Kennett Sq. launches expertise marketing campaign to land new borough supervisor | Information


KENNETT SQUARE — Council launched the search for a new borough manager as the New Year bells rang this January at the dawn of 2021.

Councilman Doug Doerfler is chair of an ad hoc Borough Council committee leading the effort.

In November, former Borough Manager Joe Scalise retired after spending a dedicated career of 26 years working for the local government as a civil servant. Community accolades announced his departure last fall.

Scalise spent the last five years working for Kennett Square as borough manager.

With the holiday season passed, Doerfler expects that an official release of the job description via Borough Council shall be announced to the public by the end of the month.

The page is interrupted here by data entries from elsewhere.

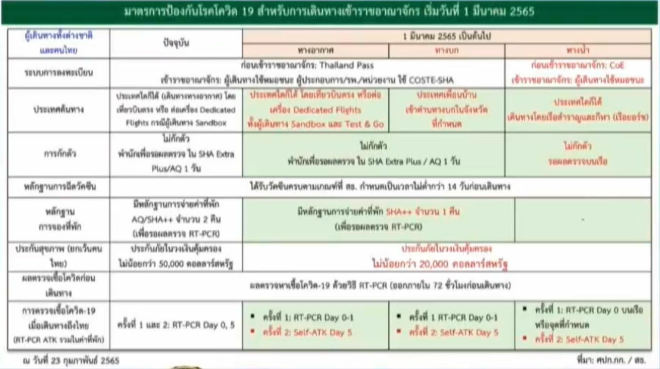 ที่ ประชุม ศบค. เคาะ เปิดชายแดน ทั้งทางบกและทางน้ำ ยกเลิกตัว RT-PCR ผู้ที่เดินทางจาก ตปท. ในวันที่ 5 พร้อมปรับนโยบายเรียน On-Site ส่วนนโยบายโควิดอื่นๆไม่มีการเปลี่ยนแปลง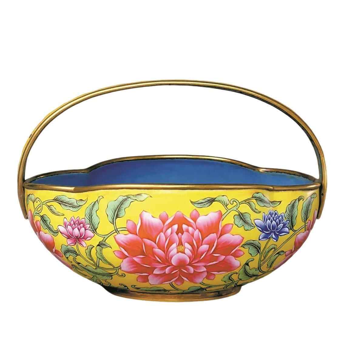 清乾隆四十年(1775)十一月乾隆帝命人将十件康熙、雍正款画珐琅器送到广州,要求粤海关官员仿制这些器物并落“乾隆年制”款识。于是粤海关官员将器物画样后,把样稿交由法国及广州本地制作。之后,十件提档器物及制作的器物被送回宫廷。此花篮即为法国依据粤海关样稿制作而成。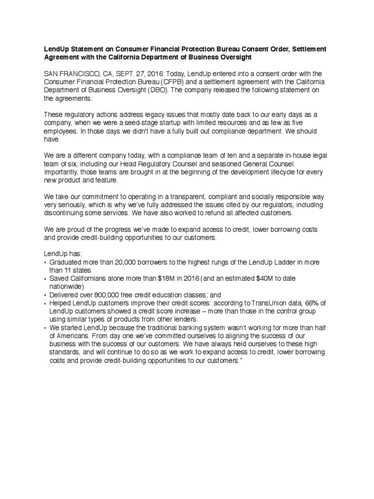 LendUp Statement on Consumer Financial Protection Bureau Consent Order, Settlement Agreement with the California Department of Business Oversight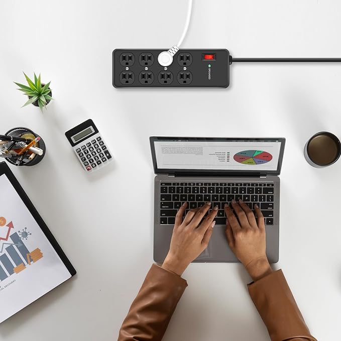 - Multi-Outlet Power Board:8 AC outlets with 1.6 inches of space between them are easy to use for a variety of devices to meet more power needs in your daily work. No need to worry about crowded location, rational use of outlet space, suitable for home, office, store, game room and so on.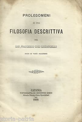 Francesco Coco Licciardello, Prolegomeni Di Una Filosofia Descrittiva, Catania, 1876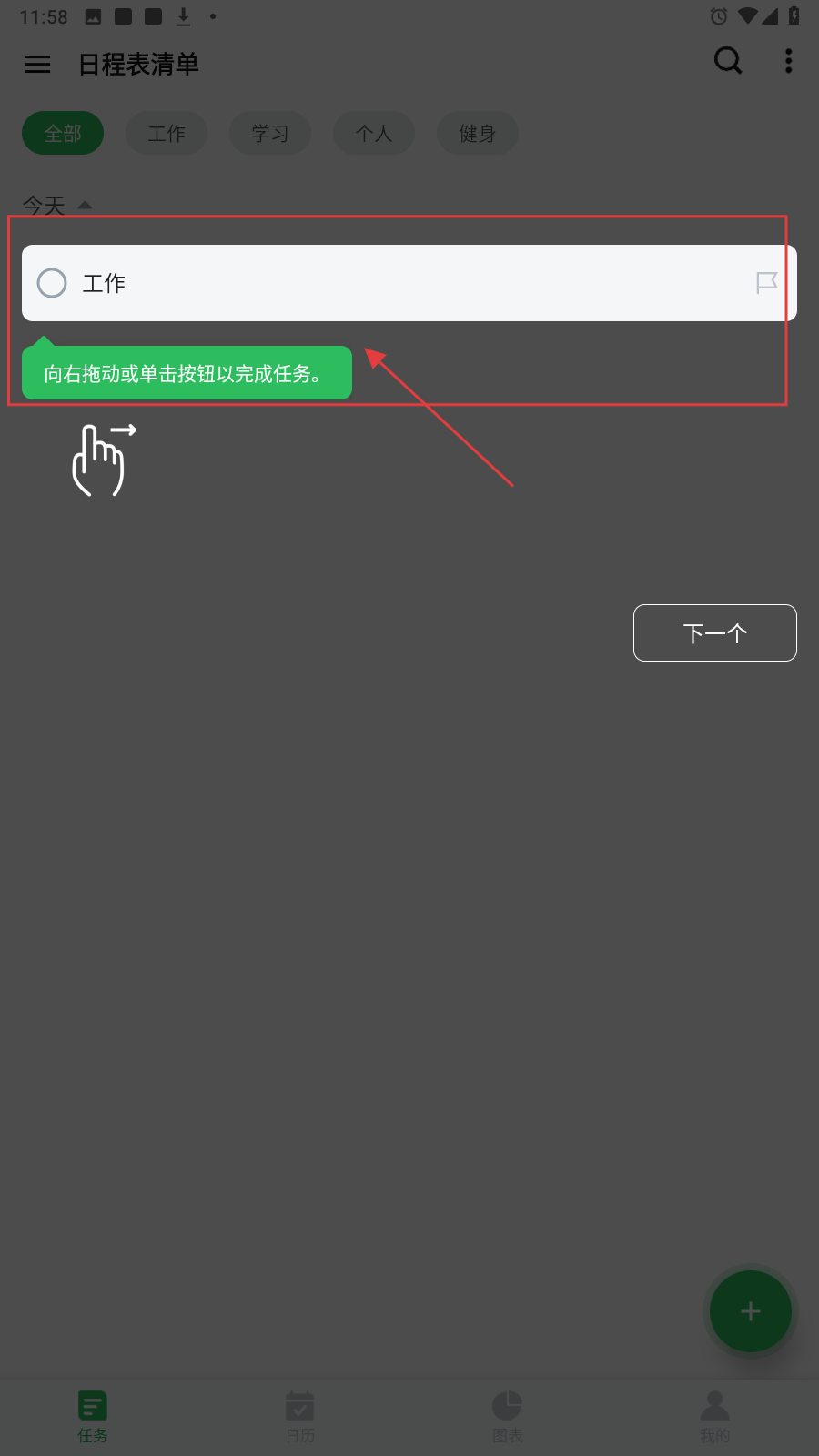 4、向右拖动任务或点击按钮,标记任务为完成,管理日程进度。
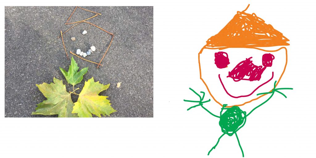 Die Geschichte von Hörbe und seinen Zwergenfreunden begleitet uns durch den Herbst. Wir waren im Wald und haben dort mit Naturmaterialien Zwergen & Höhlen gestaltet. Die Kinder erstellen ein dreiseitges Buch, welches ein Portrait des «Autors», ein Zwergengesicht aus Naturmaterialien sowie ein gemaltes Zwergengesicht beinhaltet.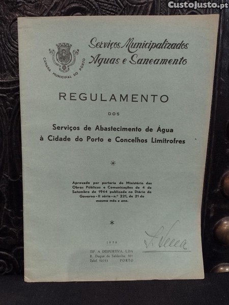 Regulamento dos serviços de abastecimento de água a cidade do Porto e concelhos limítrofes 1958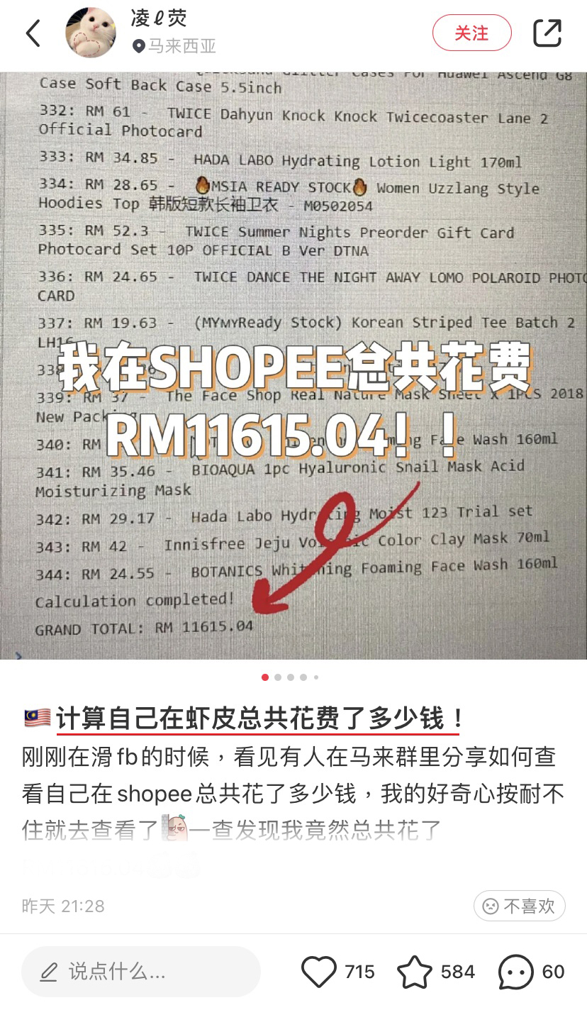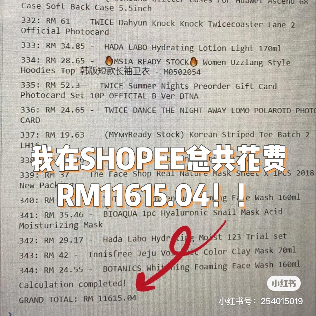 刚刚在滑 FB 的时候,看见有人在马来群里分享如何查看自己在 Shopee 总共花了多少钱,我的好奇心按耐不住就去查看了一查,发现我竟然总共花了RM11,615.04!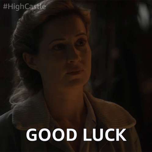 A woman from The Man in the High Castle says 'Good Luck' in a dimly lit setting.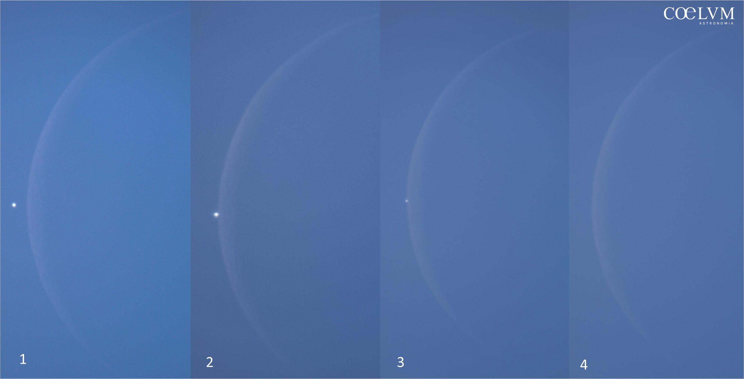 Prima fase dell’ occultazione di Venere da parte della Luna. Una giornata tersa ha permesso di osservare e riprendere magnificamente il fenomeno. Canon EOS 80d al fuoco diretto di un riflettore da 20 cm. F/1000 con correttore di focale 0,6x.

“The borough manager is the chief administrative officer of the borough and is responsible for executing the policies of the Borough Council and carrying out the daily affairs of the borough,” Doerfler said on Tuesday.

“That is more the technical description, in essence, the manager is accountable for the day-to-day operations of the staff as they work to execute the vision set by council.”

That vision today includes five established priorities of focus in 2021 by the Borough Council.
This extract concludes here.